- Opening Delimiter -
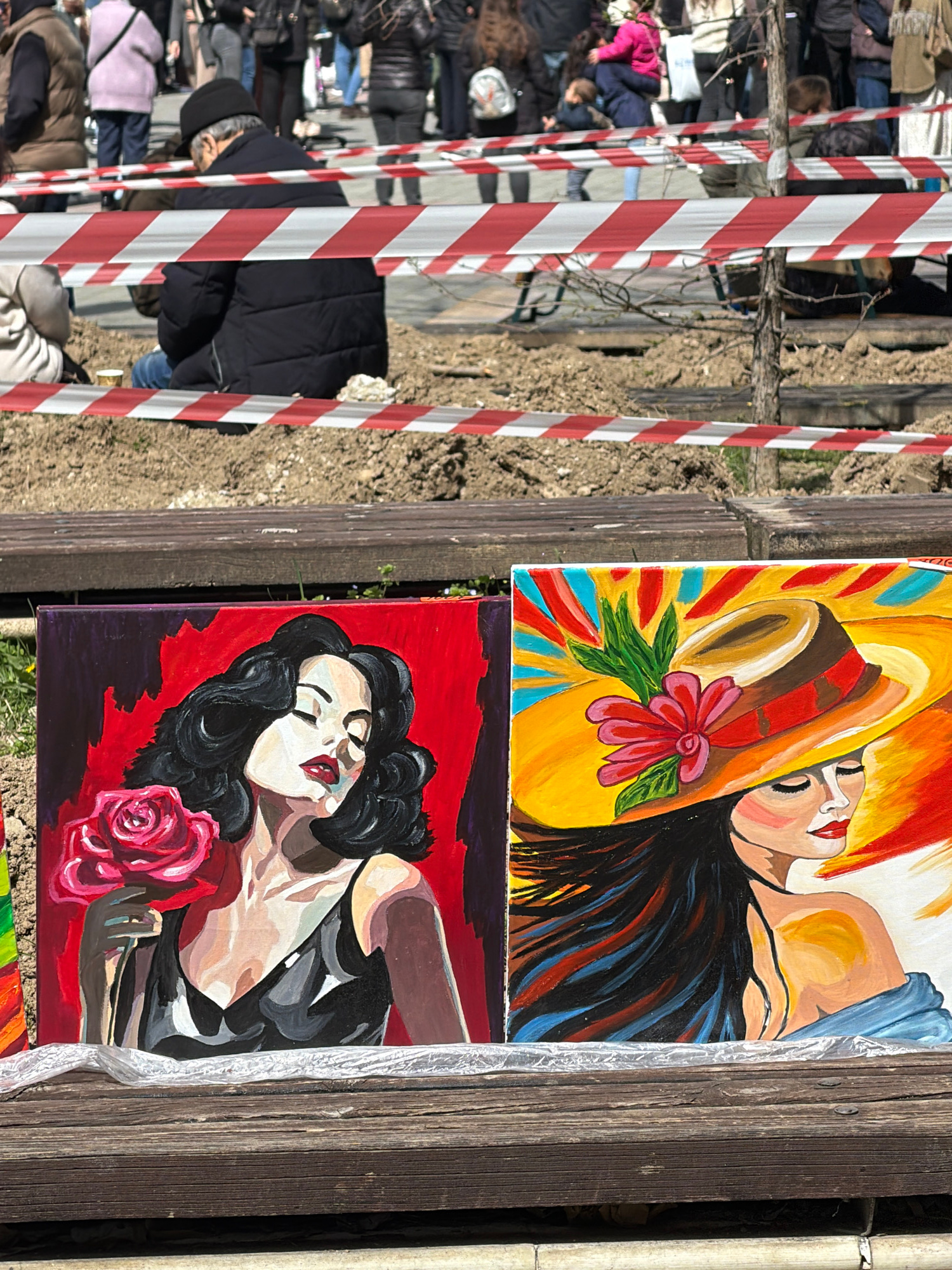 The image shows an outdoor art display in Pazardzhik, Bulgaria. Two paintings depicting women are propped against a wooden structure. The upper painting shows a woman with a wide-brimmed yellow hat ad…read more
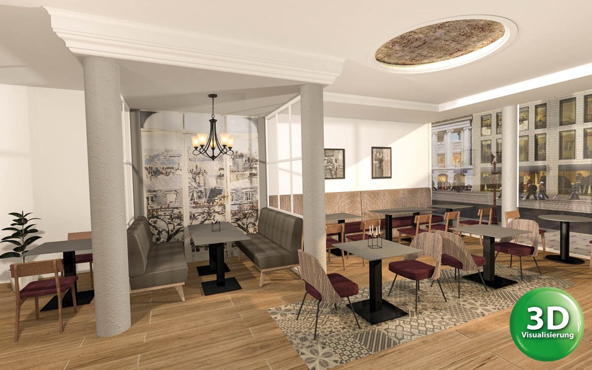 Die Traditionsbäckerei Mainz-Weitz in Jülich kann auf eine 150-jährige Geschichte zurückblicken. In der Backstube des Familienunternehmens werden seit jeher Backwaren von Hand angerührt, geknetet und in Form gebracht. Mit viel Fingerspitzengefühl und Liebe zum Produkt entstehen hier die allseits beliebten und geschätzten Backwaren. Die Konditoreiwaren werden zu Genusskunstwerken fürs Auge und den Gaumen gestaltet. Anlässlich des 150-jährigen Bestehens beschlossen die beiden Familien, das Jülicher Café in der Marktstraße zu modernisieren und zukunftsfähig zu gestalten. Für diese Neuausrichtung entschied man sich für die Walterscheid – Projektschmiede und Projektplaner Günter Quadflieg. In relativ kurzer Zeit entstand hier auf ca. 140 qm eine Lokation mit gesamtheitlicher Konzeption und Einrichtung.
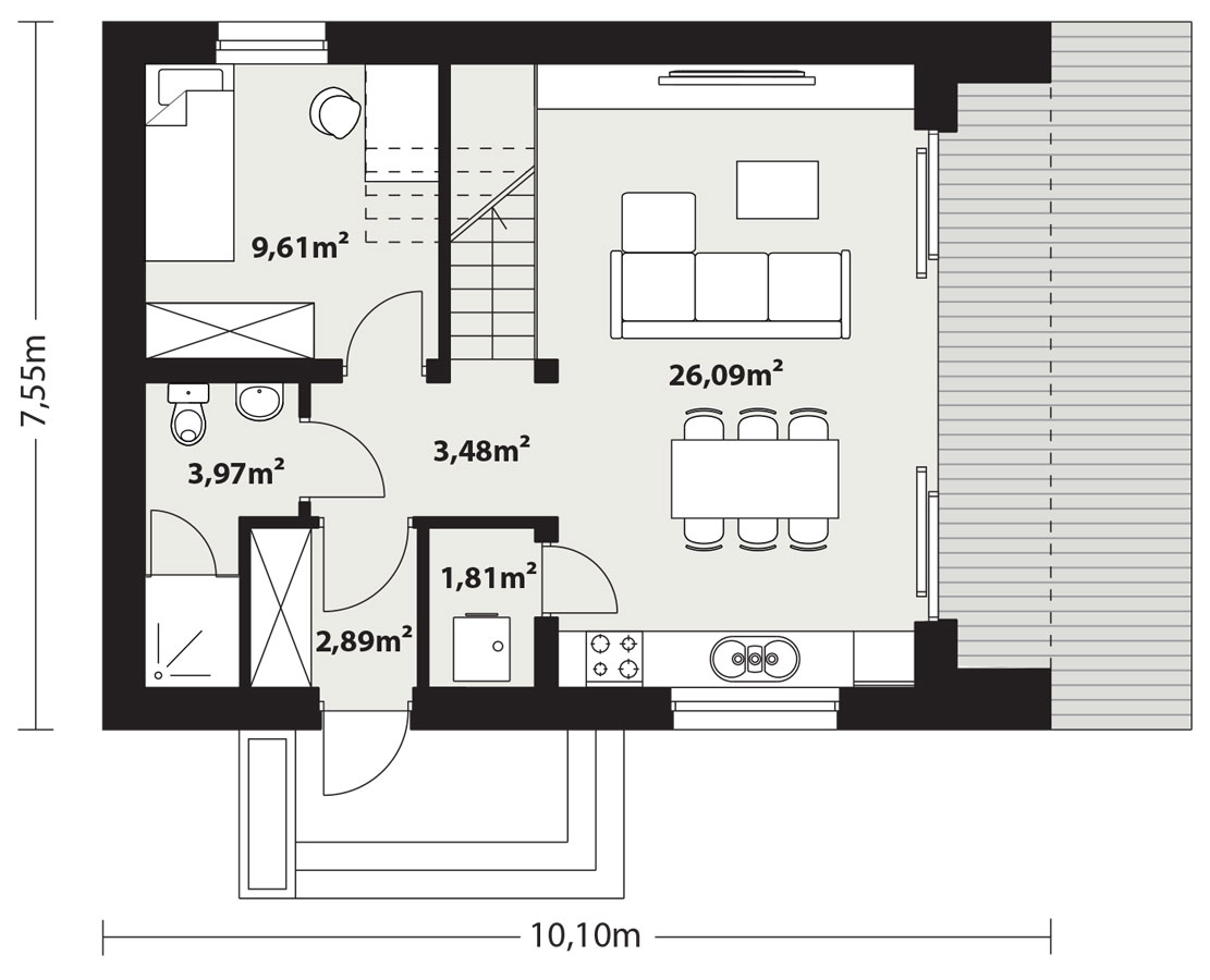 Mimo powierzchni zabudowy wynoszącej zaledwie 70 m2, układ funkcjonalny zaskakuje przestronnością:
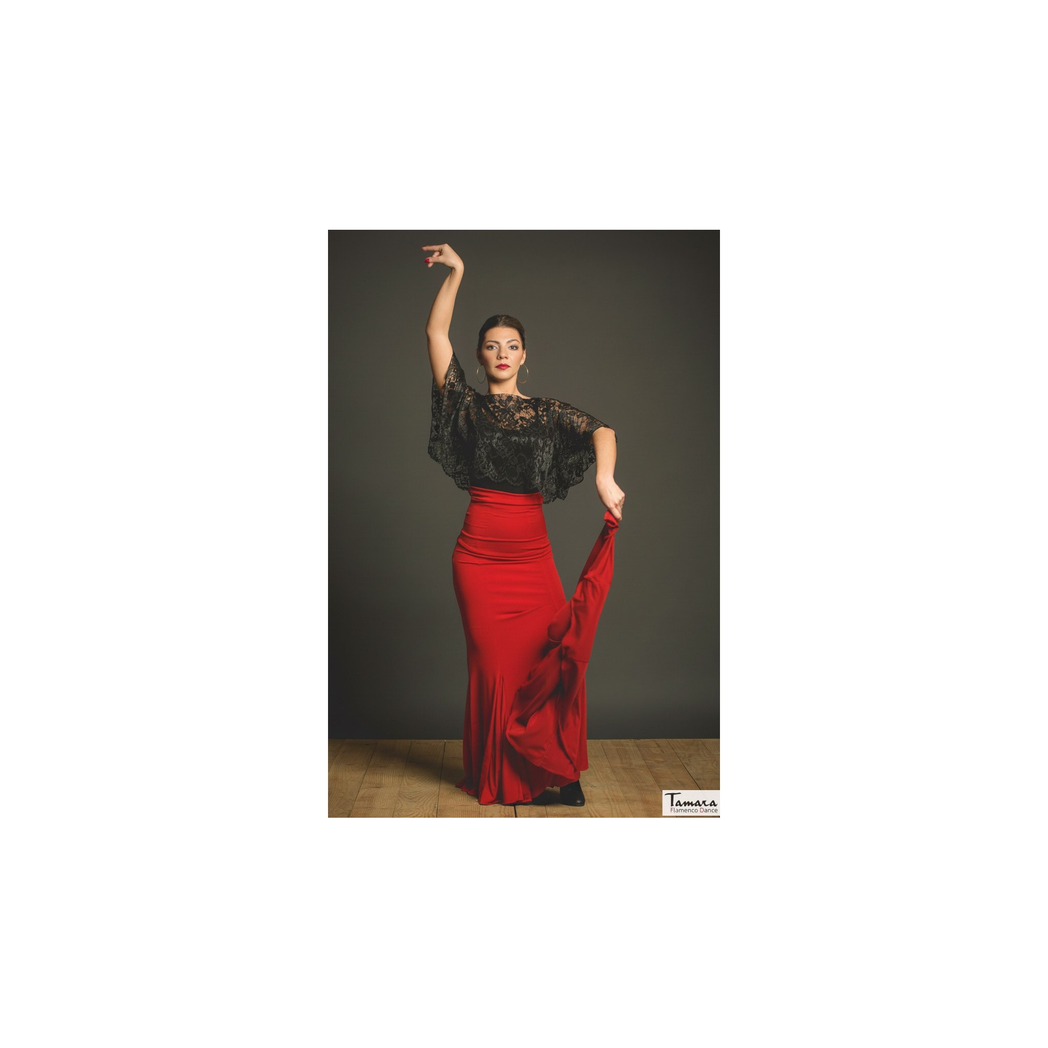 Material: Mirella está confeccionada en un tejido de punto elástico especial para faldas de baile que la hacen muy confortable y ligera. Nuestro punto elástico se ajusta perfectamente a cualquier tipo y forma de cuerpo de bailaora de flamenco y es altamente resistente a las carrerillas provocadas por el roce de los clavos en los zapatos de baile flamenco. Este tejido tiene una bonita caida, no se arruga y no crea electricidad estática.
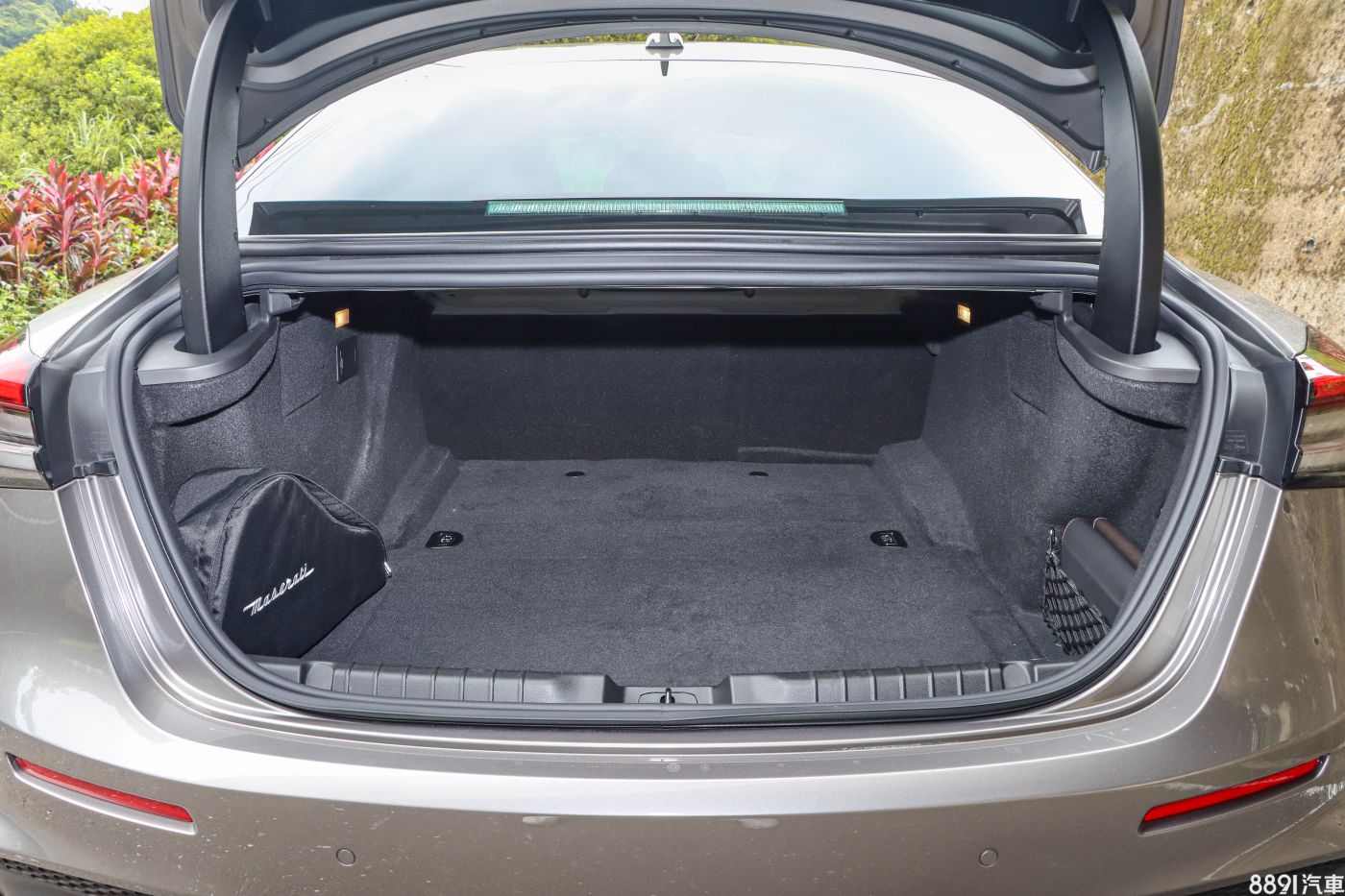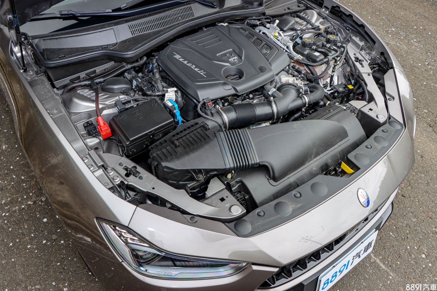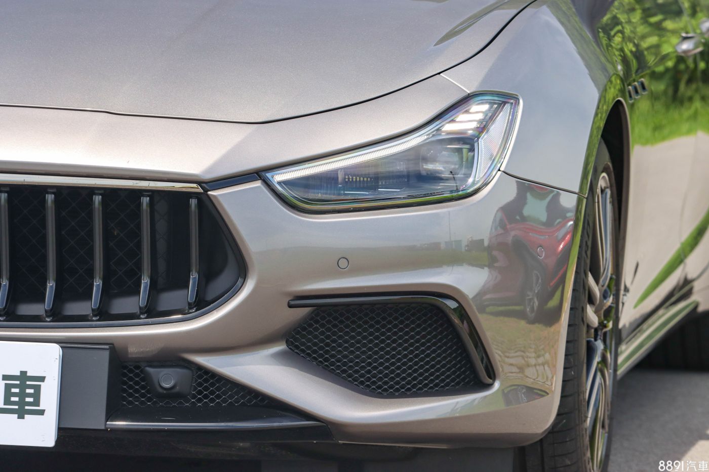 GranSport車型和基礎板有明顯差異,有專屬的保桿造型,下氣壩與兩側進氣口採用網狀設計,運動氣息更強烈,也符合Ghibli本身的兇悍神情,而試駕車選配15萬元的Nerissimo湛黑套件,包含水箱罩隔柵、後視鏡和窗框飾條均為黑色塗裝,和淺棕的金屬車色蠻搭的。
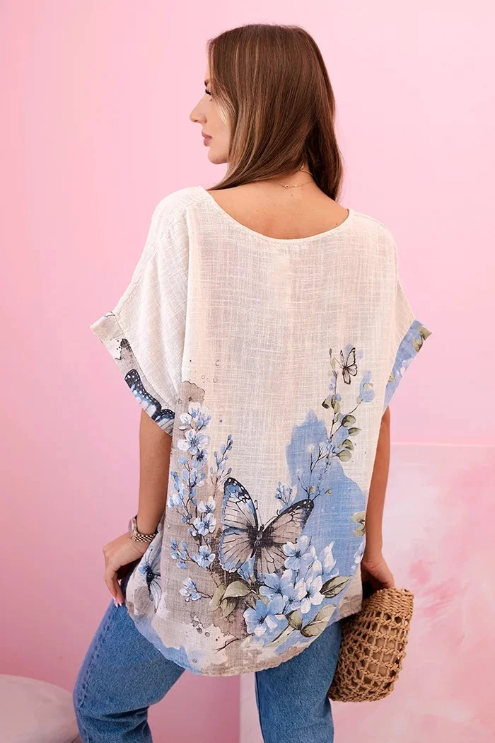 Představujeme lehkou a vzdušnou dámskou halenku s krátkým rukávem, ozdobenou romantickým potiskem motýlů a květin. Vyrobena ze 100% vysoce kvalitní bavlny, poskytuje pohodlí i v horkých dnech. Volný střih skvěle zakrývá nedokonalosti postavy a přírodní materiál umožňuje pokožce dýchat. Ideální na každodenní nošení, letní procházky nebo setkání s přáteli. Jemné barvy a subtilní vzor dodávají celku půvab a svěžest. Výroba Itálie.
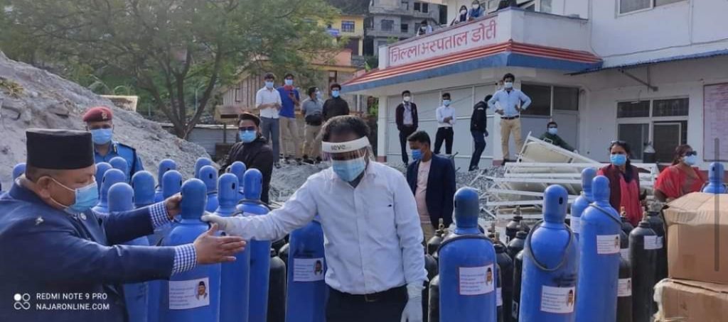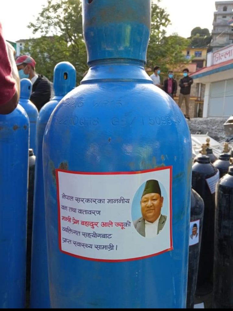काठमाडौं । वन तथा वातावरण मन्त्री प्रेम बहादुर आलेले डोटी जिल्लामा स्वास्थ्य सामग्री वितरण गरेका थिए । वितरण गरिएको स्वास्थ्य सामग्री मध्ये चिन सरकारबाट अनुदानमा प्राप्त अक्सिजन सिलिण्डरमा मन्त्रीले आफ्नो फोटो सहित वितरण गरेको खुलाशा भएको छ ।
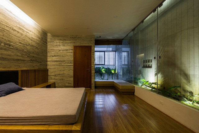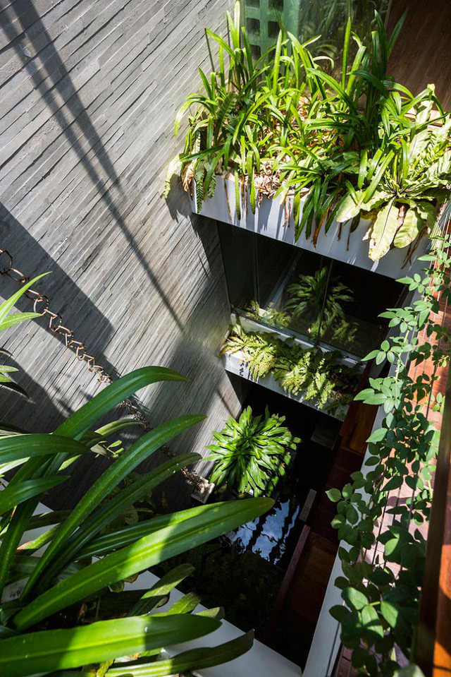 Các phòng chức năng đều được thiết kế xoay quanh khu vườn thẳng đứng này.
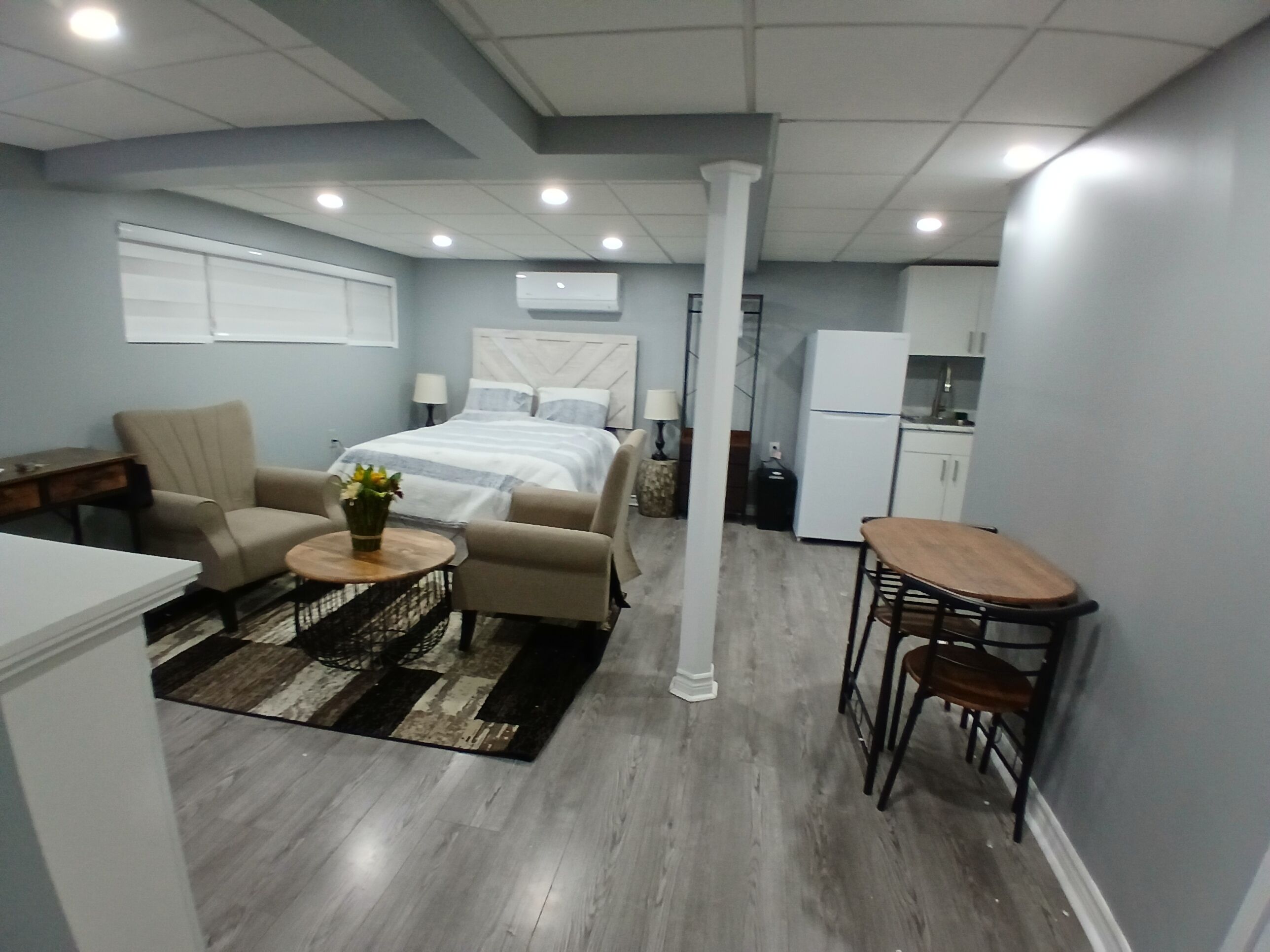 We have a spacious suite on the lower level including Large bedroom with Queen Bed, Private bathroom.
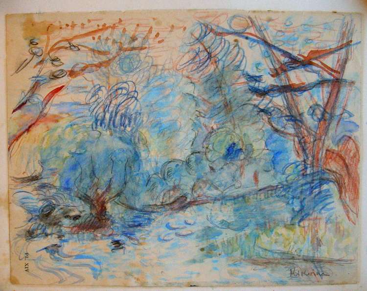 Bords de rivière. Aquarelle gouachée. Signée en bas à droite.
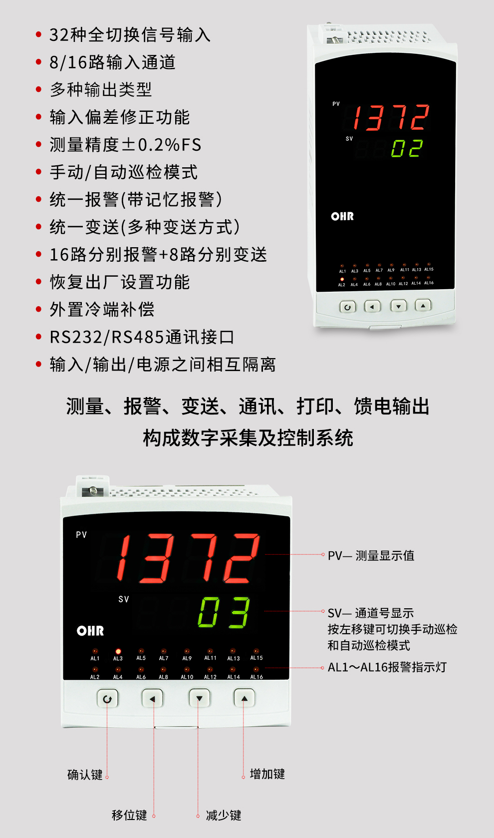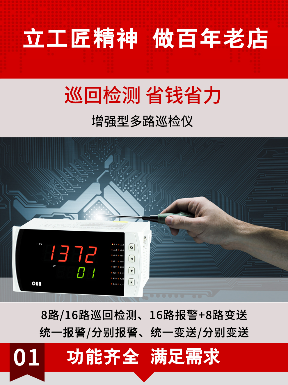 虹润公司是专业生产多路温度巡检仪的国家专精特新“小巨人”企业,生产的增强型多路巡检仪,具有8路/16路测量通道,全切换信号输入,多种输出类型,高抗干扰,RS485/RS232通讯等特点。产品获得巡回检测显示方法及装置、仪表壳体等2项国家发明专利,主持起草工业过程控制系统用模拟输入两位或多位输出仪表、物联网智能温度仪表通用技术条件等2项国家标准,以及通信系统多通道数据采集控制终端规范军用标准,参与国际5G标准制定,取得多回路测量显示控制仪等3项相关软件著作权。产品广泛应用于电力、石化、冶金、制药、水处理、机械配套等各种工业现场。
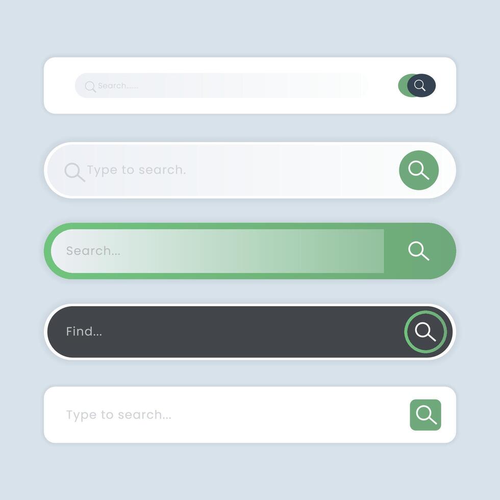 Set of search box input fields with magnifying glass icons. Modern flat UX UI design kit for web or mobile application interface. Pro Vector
- Closing Delimiter -
In the records above, find the line with "GranSport車型和基礎" and the line with "We have a spacious", then restate word for word only those two lines and all lines between, omitting pictures.

Answer space:
 GranSport車型和基礎板有明顯差異,有專屬的保桿造型,下氣壩與兩側進氣口採用網狀設計,運動氣息更強烈,也符合Ghibli本身的兇悍神情,而試駕車選配15萬元的Nerissimo湛黑套件,包含水箱罩隔柵、後視鏡和窗框飾條均為黑色塗裝,和淺棕的金屬車色蠻搭的。
 Představujeme lehkou a vzdušnou dámskou halenku s krátkým rukávem, ozdobenou romantickým potiskem motýlů a květin. Vyrobena ze 100% vysoce kvalitní bavlny, poskytuje pohodlí i v horkých dnech. Volný střih skvěle zakrývá nedokonalosti postavy a přírodní materiál umožňuje pokožce dýchat. Ideální na každodenní nošení, letní procházky nebo setkání s přáteli. Jemné barvy a subtilní vzor dodávají celku půvab a svěžest. Výroba Itálie.
काठमाडौं । वन तथा वातावरण मन्त्री प्रेम बहादुर आलेले डोटी जिल्लामा स्वास्थ्य सामग्री वितरण गरेका थिए । वितरण गरिएको स्वास्थ्य सामग्री मध्ये चिन सरकारबाट अनुदानमा प्राप्त अक्सिजन सिलिण्डरमा मन्त्रीले आफ्नो फोटो सहित वितरण गरेको खुलाशा भएको छ ।
 Các phòng chức năng đều được thiết kế xoay quanh khu vườn thẳng đứng này.
 We have a spacious suite on the lower level including Large bedroom with Queen Bed, Private bathroom.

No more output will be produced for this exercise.